◆ **TASK DETAILS**
Reproduce, please, the line that holds "Не понравилось: Отель" and all later lines through the end of the entries below, exactly; omit pictures.

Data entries

:::

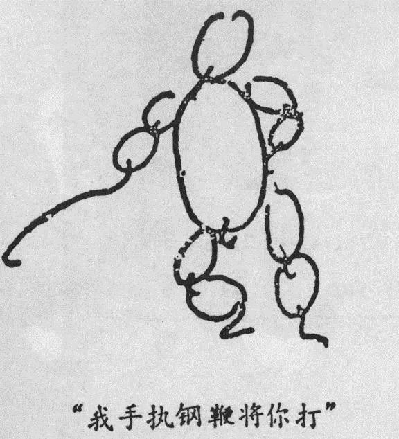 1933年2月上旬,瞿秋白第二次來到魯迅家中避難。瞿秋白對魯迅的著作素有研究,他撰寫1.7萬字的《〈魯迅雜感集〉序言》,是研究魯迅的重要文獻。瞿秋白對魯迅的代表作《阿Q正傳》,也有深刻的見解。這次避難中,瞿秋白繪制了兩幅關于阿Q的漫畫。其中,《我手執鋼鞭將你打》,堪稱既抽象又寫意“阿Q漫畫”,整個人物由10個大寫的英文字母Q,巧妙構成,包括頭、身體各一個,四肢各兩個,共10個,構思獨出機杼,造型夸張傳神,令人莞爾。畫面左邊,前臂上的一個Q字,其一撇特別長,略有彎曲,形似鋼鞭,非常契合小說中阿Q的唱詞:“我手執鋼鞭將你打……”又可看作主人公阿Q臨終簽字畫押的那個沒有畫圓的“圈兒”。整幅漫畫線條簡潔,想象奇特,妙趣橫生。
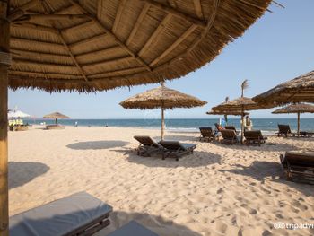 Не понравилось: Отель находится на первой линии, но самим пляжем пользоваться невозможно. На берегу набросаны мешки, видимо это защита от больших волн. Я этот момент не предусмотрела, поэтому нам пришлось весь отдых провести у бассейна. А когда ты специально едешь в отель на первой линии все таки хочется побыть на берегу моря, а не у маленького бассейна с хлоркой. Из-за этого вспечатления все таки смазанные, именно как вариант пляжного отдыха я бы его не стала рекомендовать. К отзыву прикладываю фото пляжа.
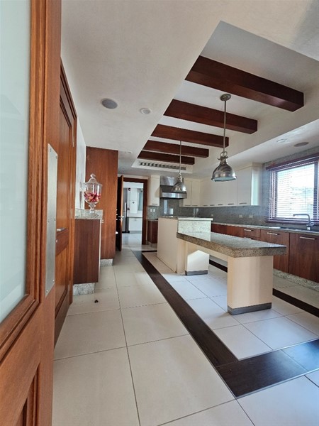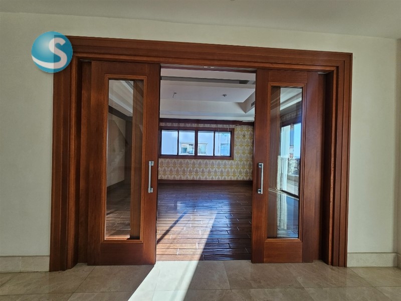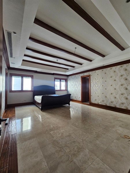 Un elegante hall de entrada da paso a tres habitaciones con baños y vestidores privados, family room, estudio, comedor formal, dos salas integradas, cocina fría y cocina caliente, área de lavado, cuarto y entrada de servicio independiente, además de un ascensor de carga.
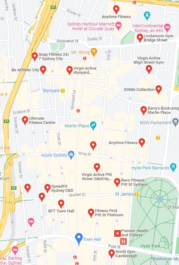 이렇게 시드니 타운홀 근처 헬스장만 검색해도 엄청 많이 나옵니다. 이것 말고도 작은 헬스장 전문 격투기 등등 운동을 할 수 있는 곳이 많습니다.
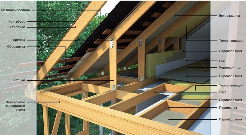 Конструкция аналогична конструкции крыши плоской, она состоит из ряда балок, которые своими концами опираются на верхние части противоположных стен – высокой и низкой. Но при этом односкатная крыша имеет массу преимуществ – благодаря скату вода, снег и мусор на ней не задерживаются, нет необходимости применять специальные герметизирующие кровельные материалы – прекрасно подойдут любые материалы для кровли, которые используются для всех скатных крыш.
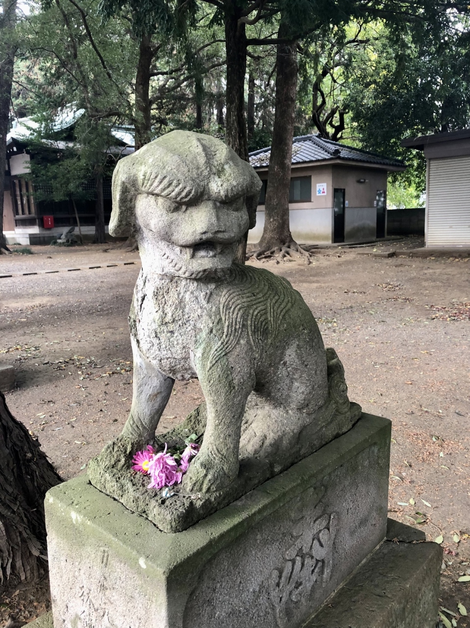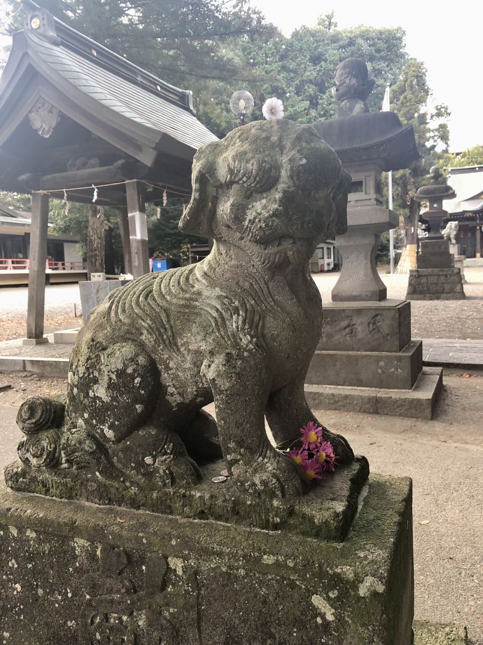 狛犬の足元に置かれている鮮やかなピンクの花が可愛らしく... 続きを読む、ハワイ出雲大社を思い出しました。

:::

◆ **REPLY TO THE EXERCISE**
 Не понравилось: Отель находится на первой линии, но самим пляжем пользоваться невозможно. На берегу набросаны мешки, видимо это защита от больших волн. Я этот момент не предусмотрела, поэтому нам пришлось весь отдых провести у бассейна. А когда ты специально едешь в отель на первой линии все таки хочется побыть на берегу моря, а не у маленького бассейна с хлоркой. Из-за этого вспечатления все таки смазанные, именно как вариант пляжного отдыха я бы его не стала рекомендовать. К отзыву прикладываю фото пляжа.
 Un elegante hall de entrada da paso a tres habitaciones con baños y vestidores privados, family room, estudio, comedor formal, dos salas integradas, cocina fría y cocina caliente, área de lavado, cuarto y entrada de servicio independiente, además de un ascensor de carga.
 이렇게 시드니 타운홀 근처 헬스장만 검색해도 엄청 많이 나옵니다. 이것 말고도 작은 헬스장 전문 격투기 등등 운동을 할 수 있는 곳이 많습니다.
 Конструкция аналогична конструкции крыши плоской, она состоит из ряда балок, которые своими концами опираются на верхние части противоположных стен – высокой и низкой. Но при этом односкатная крыша имеет массу преимуществ – благодаря скату вода, снег и мусор на ней не задерживаются, нет необходимости применять специальные герметизирующие кровельные материалы – прекрасно подойдут любые материалы для кровли, которые используются для всех скатных крыш.
 狛犬の足元に置かれている鮮やかなピンクの花が可愛らしく... 続きを読む、ハワイ出雲大社を思い出しました。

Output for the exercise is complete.